As part of the Tropical Rivers and Coastal Knowledge (TRaCK) program, Dr Sue Jackson and her Darwin-based team of Dr Marcus Finn, Ms Emma Woodward and Ms Pippa Featherston are working in two catchments – the Daly in the NT and the Fitzroy in the Kimberley. The team are recording Indigenous knowledge relating to water and quantifying the economic benefit to Indigenous people from water-dependent resource use.
At the 12th International Riversymposium in Brisbane in September 2009, Dr Finn presented results from one part of the project - household surveys that quantify the harvest and consumption of aquatic resources. The surveys were done during a semi-structured interview, with participants being asked to recall a period of hunting activity over the preceding 2 weeks.
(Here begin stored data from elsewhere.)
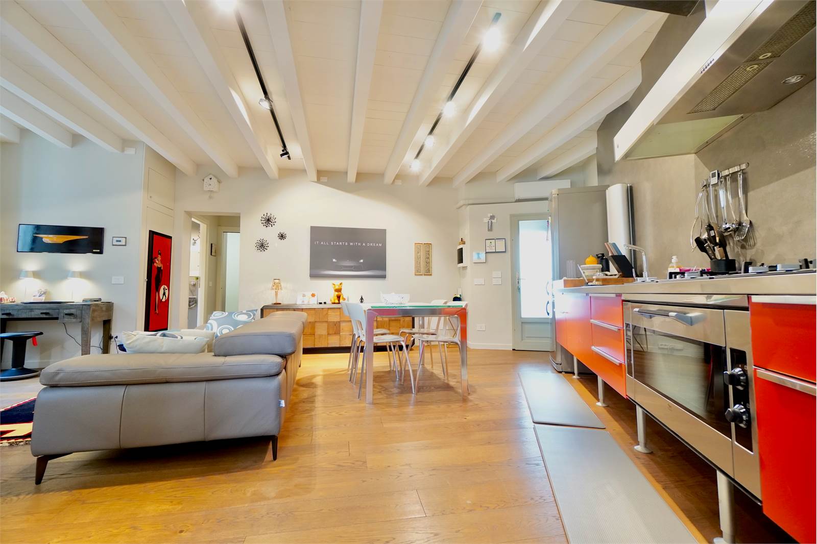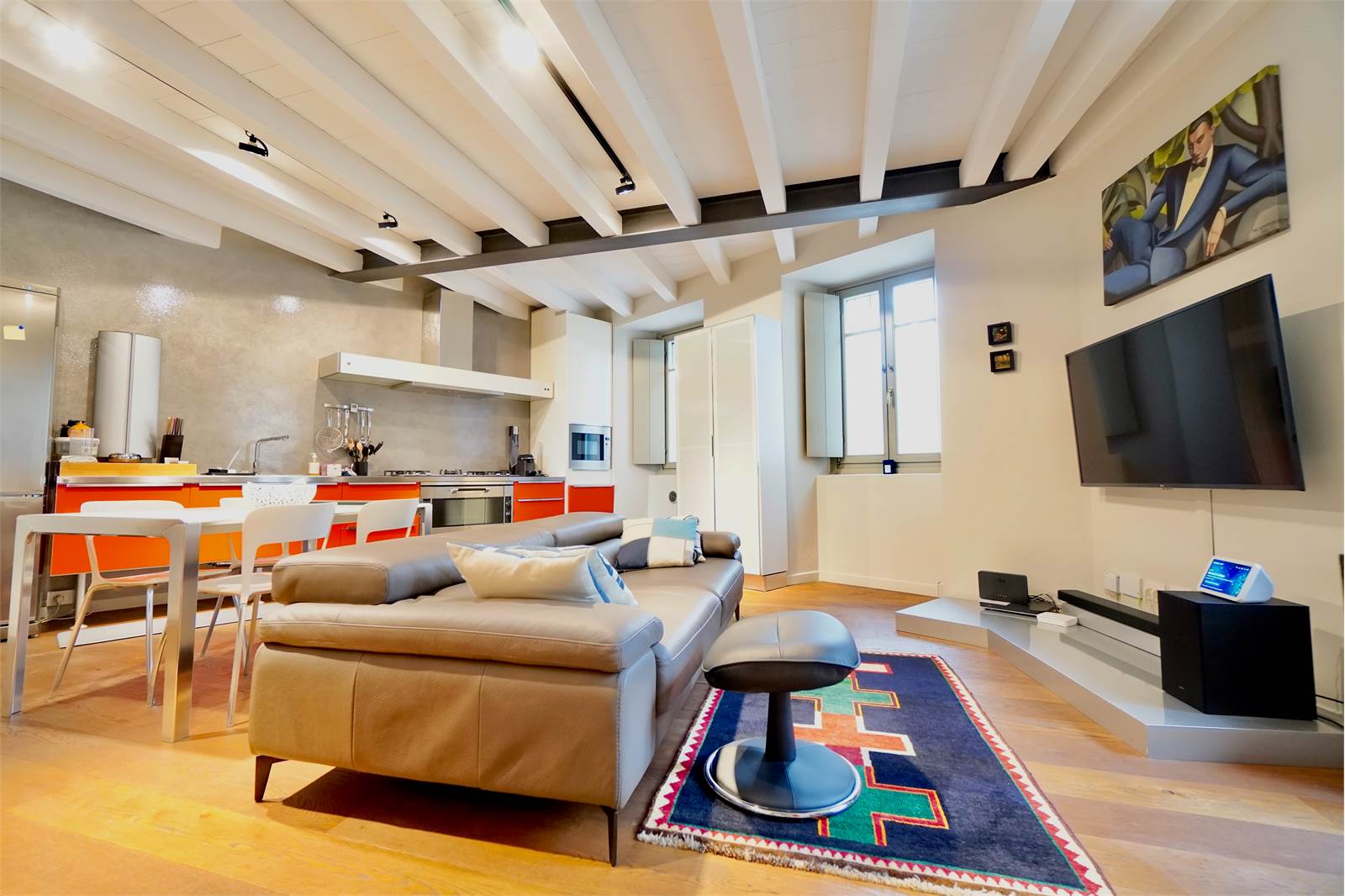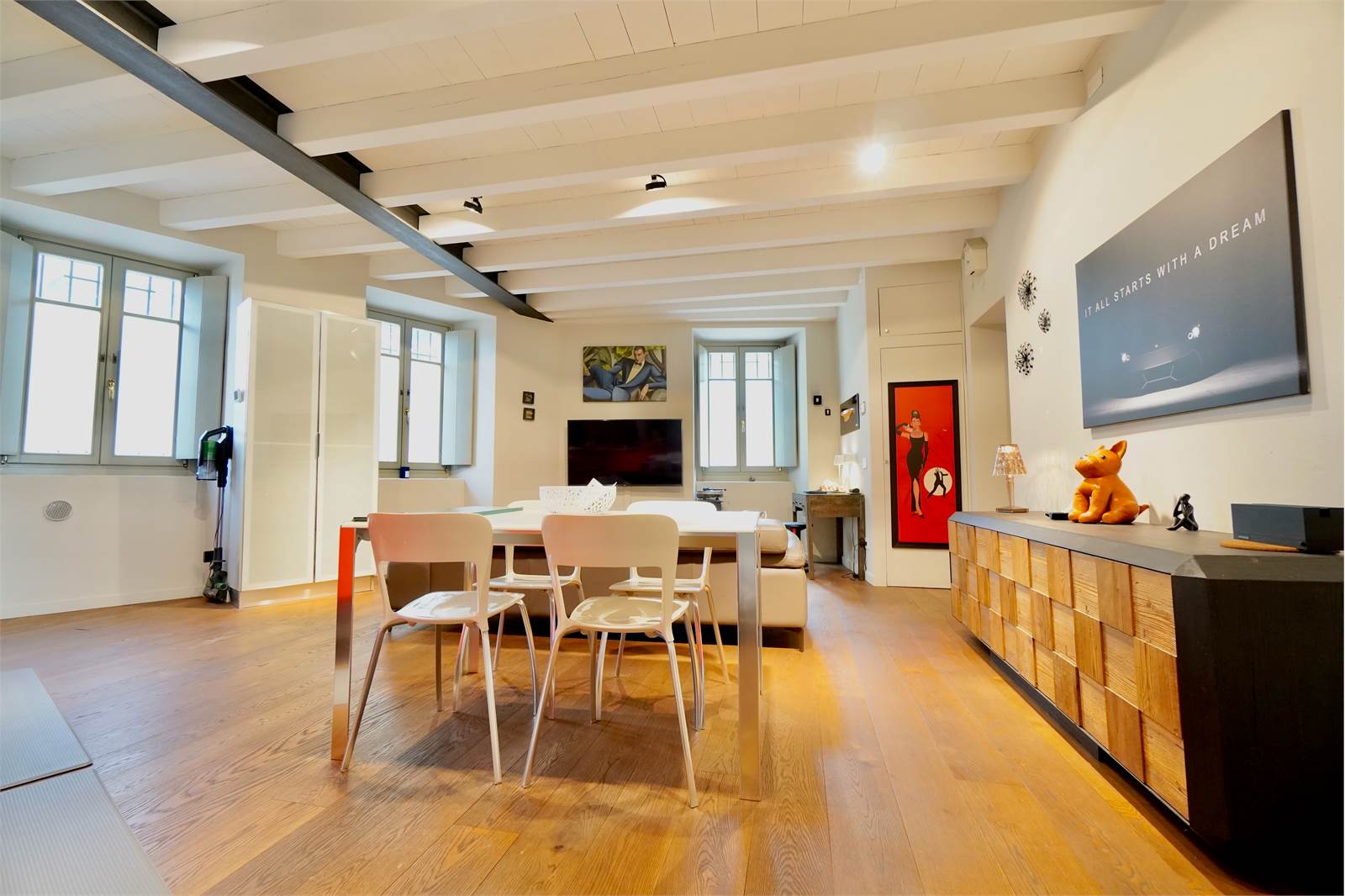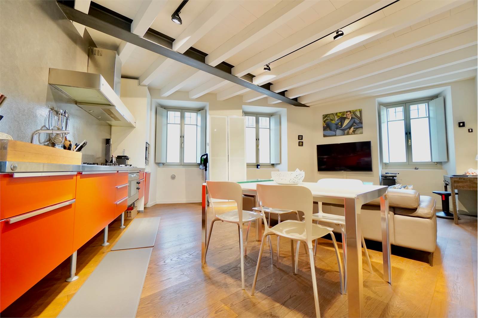 L’intera abitazione è valorizzata da elegante parquet in tutti gli ambienti e da splendide travi a vista sbiancate che donano luminosità e un tocco moderno, creando un perfetto equilibrio tra il fascino storico della corte e il design attuale degli interni.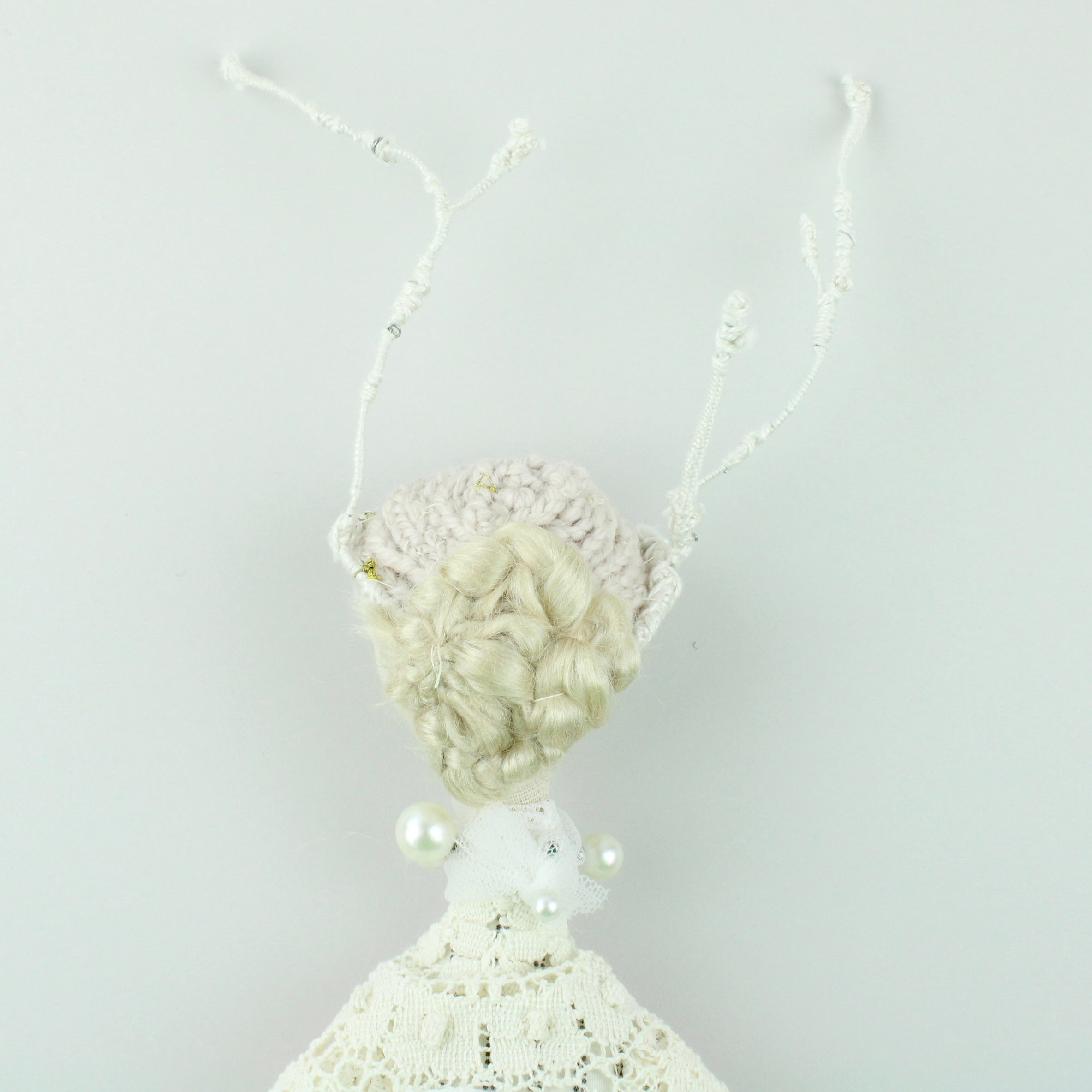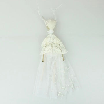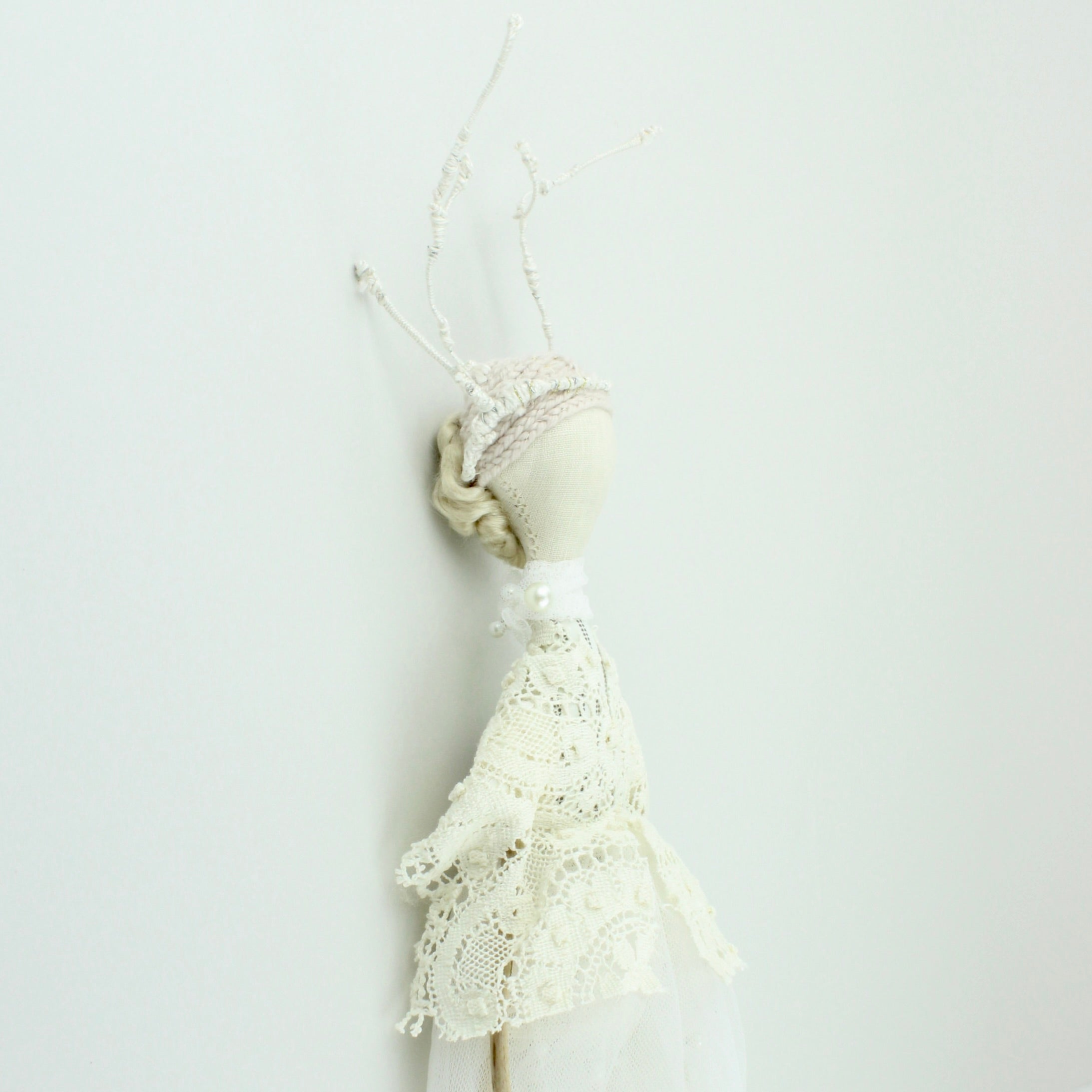 Wall hung. Crafted from Victorian bodice lace, mattress tacking, silk, wire, merino, tulle and twigs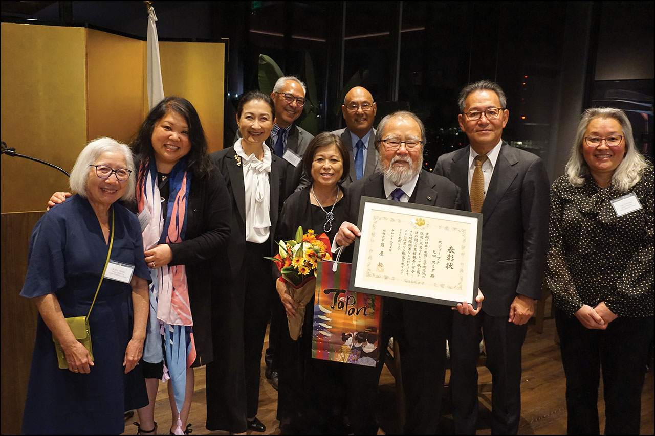 (Cover) Yuko Iyori, Consul General Makoto Iyori, Steve Sumida holding commendation certificate and his wife, Gail M. Nomura holding the flowers that were presented to Steve.

Results for the first year of data from the Daly River region indicate that Northern Long-necked Turtles surpass Barramundi and Magpie Geese as the most commonly taken bush tucker. Northern Long-necked Turtles lay their eggs under water along the edge of billabongs, which need to dry and then flood for the eggs to hatch. Changes to water use and river flows could reduce their populations. Dr Finn said turtles were not on the radar of most other interest groups except conservation groups, “but if billabongs don’t fill any more because of water diversions or other land use changes, turtles won’t be able to breed and this will affect the food supply of Indigenous communities.”
These household surveys, which are being conducted quarterly by CSIRO for 2 years, will provide information on the seasonal and inter-annual variability of resource use. This type of research allows CSIRO to contribute a wider understanding of water management to the rest of the TRaCK program, land and water managers and the wider public.